Of course, I hear you groaning: "But that's pervasive throughout the gaming industry." And of course, you wouldn't be wrong. Activision and Konami are just two of the publishers notorious for this type of maligned vision. From a business perspective, it's not a totally indefensible stance. The net worth of the global gaming industry was about $99 billion in 2016, and it's showing no signs of slowing down any time soon. So there really is a lot of money to be made, and it's reasonable for publishers to want to see profits that reflect the insane proliferation of video gaming.

But the decision by Square to cut ties with a consistent developer feels more like a petulant knee-jerk reaction than a competent business strategy. In fact, the company is reportedly losing $43 million -- or 14% of the company's operating profit -- in divesting themselves from IO Interactive. That's a big chunk of change to spend on dropping a company that's been paying its bills.

When Good isn't Good Enough

In conjunction with announcing their split from IO Interactive, Square Enix said that margins over the last fiscal year had increased. In a press release, Square noted that:

"The company reported record-high net sales, operating income, ordinary income, and profit attributable to owners of parent, respectively."

Undoubtedly, the Hitman franchise was a key contributor to that growth and success. In fact, the Hitman episodic series performed well enough for IO Interactive to have reportedly received the greenlight to move forward with Season 2 of the game. On top of that, the episodic series has been steadily receiving new, engaging updates over the past several months -- many of which have led to increased sales across the board. 

So in the worst case scenario, the Hitman series has been performing moderately well. But apparently, good just isn't good enough -- at least not for Square Enix. 

But the publisher isn't alone in its thinking. This divestment speaks to a larger problem within the gaming industry as a whole: publisher myopia. In a world predicated upon immediacy and instantaneous gratification, publishers are increasingly prone to myopic, impulsive reactions. Take EA for example. Despite performing reasonably well and receiving good reviews, the publisher has elected to put all future Mass Effect titles on indefinite hold because of self-supposed "lukewarm sales" of Mass Effect: Andromeda.  

This type of behavior encourages the development of a binary ecosystem, one in which there is a dearth of "good" games. In other words: Games need to sell gangbusters AND be widely popular to usher themselves into the upper echelons of success. On the surface, it appears to be a good deal for gamers: we'll only get the best games developers can churn out. But the reality is most likely the opposite. 

With publishers like Square Enix focusing solely on their core products -- or the products supposedly laden with the least amount of risk -- the iterative creative process suffers. In a nutshell, there's less diversity and we're inundated with (middling) Final Fantasy after (middling) Final Fantasy after (middling) Final Fantasy after...well, you get the point. 

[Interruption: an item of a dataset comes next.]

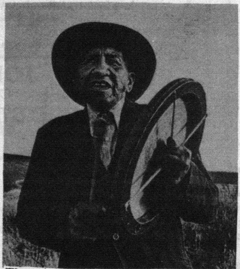
The reincarnation of Chief Dan George stars as Scarlett's dear Jewish papa, Rabbi Schmo O'Harasberg, in this blockbuster new mini-series.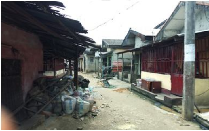
Figure 3: Okrika Waterside showing Forceful Lockdown by Government

Another respondent who is a male artisan:

The Breakup Fractures Square's Audience

There's little way around it: this breakup alienates a segment of Square's audience. Nary a single game in the company's lineup will retain the segment of gamers that were drawn to the Hitman franchise. Tomb Raider can barely pass as a stealth title, and Square has even halted new installments of the Deus Ex franchise for the foreseeable future. 

The near-term effects of Hitman's supposed poor performance have led Square to set in motion a sequence of events that could impact their bottom line in the long-term. In essence, the company is putting its audience in a single basket and completely turning a blind eye to the segment of that audience which has been fiercely loyal to the Hitman franchise through thick and thin. 

On one level, it's a decision solely based on business and the company's bottom line. But on another level, it's a decision that's a big middle finger to gamers everywhere. No matter how much you love a game, or how good it actually is, the publishers that release it are in this for the money. And for fans of the Hitman series, that middle finger and pompously cavalier attitude is just something they'll have to deal with...at least if Square has anything to say about it.